Why? Because with mortgage rates at rock-bottom levels and with house prices very low in relation to household incomes, housing is about as an attractive a purchase as it has been in the past 40 years.
Are we on the eve of a renewed housing boom, given this attractiveness? No. But are we likely to slip back into a full-fledged housing recession? No. Two steps forward, one step backward.”
I always enjoy it when someone whose methodology I respect is on the opposite side of an analytical debate from me. I would much rather argue against a smart mathematical or economic or psychological thesis, than the usual partisan frippery.
So which is it? Are house prices low or high relative to income? What’s the basis of Kasriel’s homes-are-cheap statement?
To find out, I pinged Paul as to the basis of his Housing is cheap thesis. Here is what he wrote back:
“The chart below illustrates why I think owner-occupied housing on a national basis is cheap. The “yield” on owner-occupied housing continues to be above the cost of financing a home purchase. This is actually a rare occurrence. Of course, if the market value of owner-occupied housing were to fall more, all else the same, the purchase of a house would become even more attractive.”
Nominal Imputed Rent versus Home Purchase Price
click for larger chart
That is an interesting, data driven analysis. Kasriel’s point is that for any potential home buyer, the cost of buying a home is less than what it would cost to rent the equivalent home. Hence, in his analysis, homes are cheap. Think of it as using dividend yield of a stock to determine if its cheap or dear relative to Treasuries.
Might home sales pick up again in a couple of months? Perhaps, but I doubt it. I simply do not see any compelling reason for the marginal home buyer to make that purchase. By September, we will be fighting seasonal factors. The exception is the key bubble bust regions, where foreclosures are driving prices as much as 50% off the peak prices.
But I am unconvinced about prices in general. My problem with imputed rent is that it is not independent of demand for home purchases; Imputed rents interact with home prices, credit availability, pricing trends, employment, etc.
Indeed, one can easily imagine a scenario where: 1) Home prices are thought of trending lower; 2) Credit is tight; 3) Employment is weak; 4) Wages are flat.
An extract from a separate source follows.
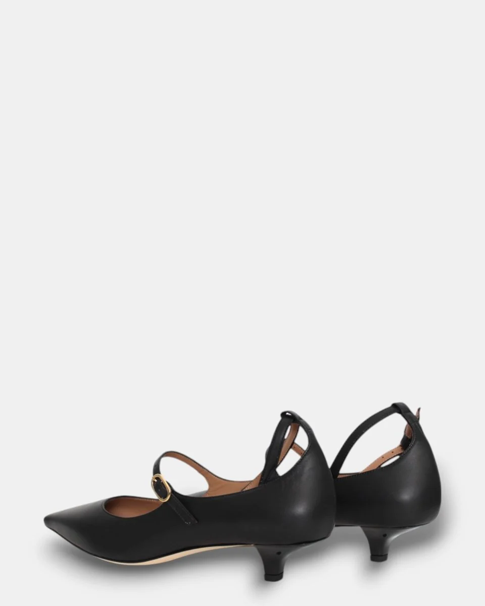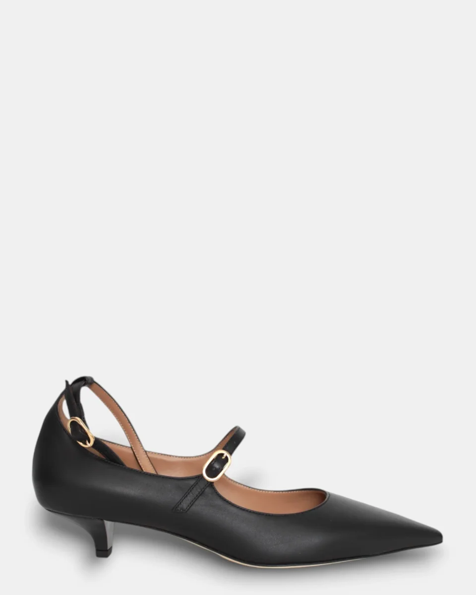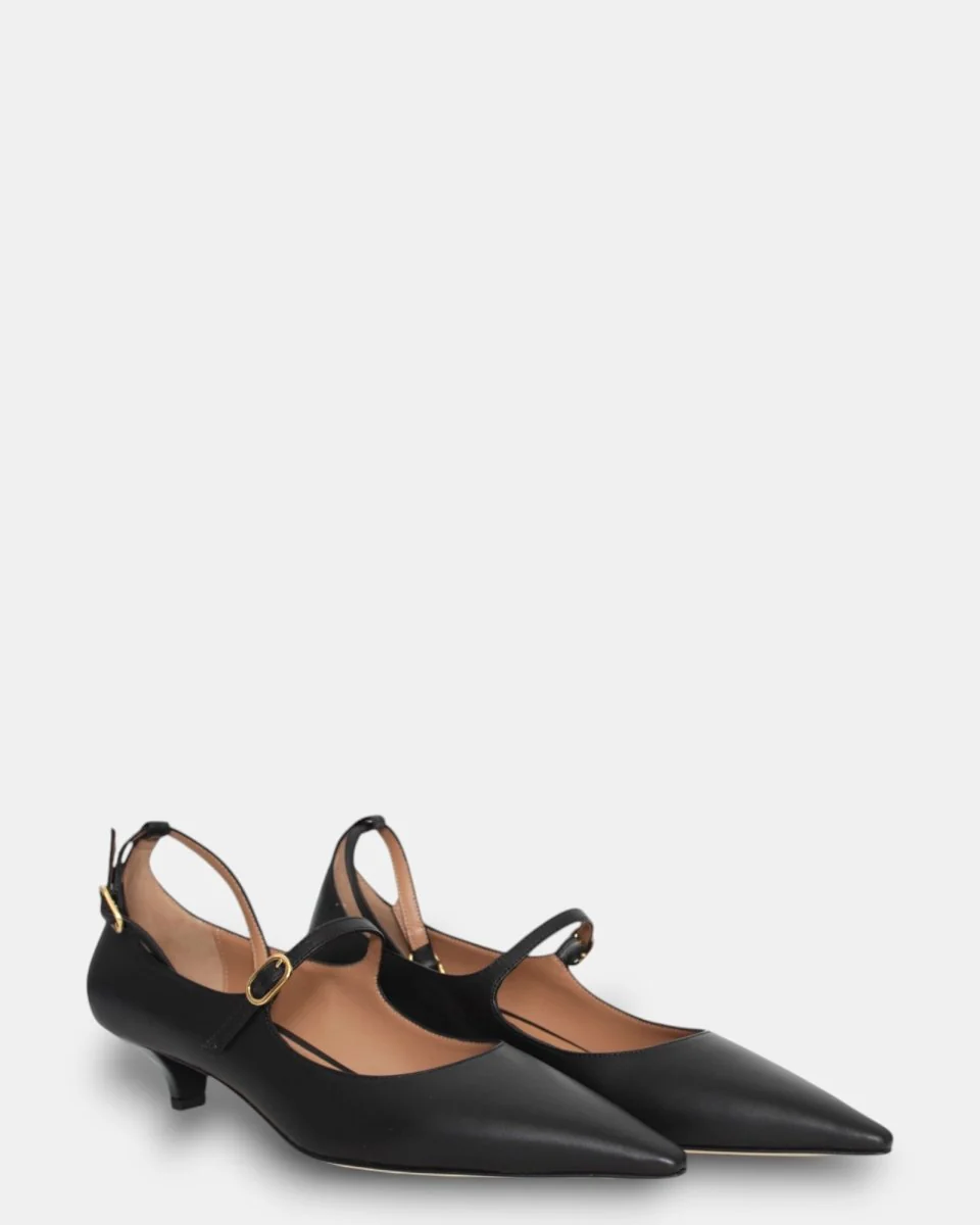 Decolettè Prosperine nero con braccialetto con fibbia dorata, e cinturino sul collo del piede in pelle, con suola antiscivolo e tacco 35 mm

This would create an environment of relatively soft demand for home purchases (sending their prices lower) At the same time, this would increase demand for rental units.
There are other factors thyat might also pressure prices lower. As we saw last cycle, even very low mortgage rates are no guarantee of home price appreciation. Home buyers have figured out that as rates rise, it caps RE gains. And the move from 1% in 2004 to 5% in 2006 set up not only the end of price appreciation, but home price collapse as well. Perhaps buyers are aware that with the Fed at zero, there is nowhere for rates to go but up. That means price appreciation will be modest at best, and negative at worst.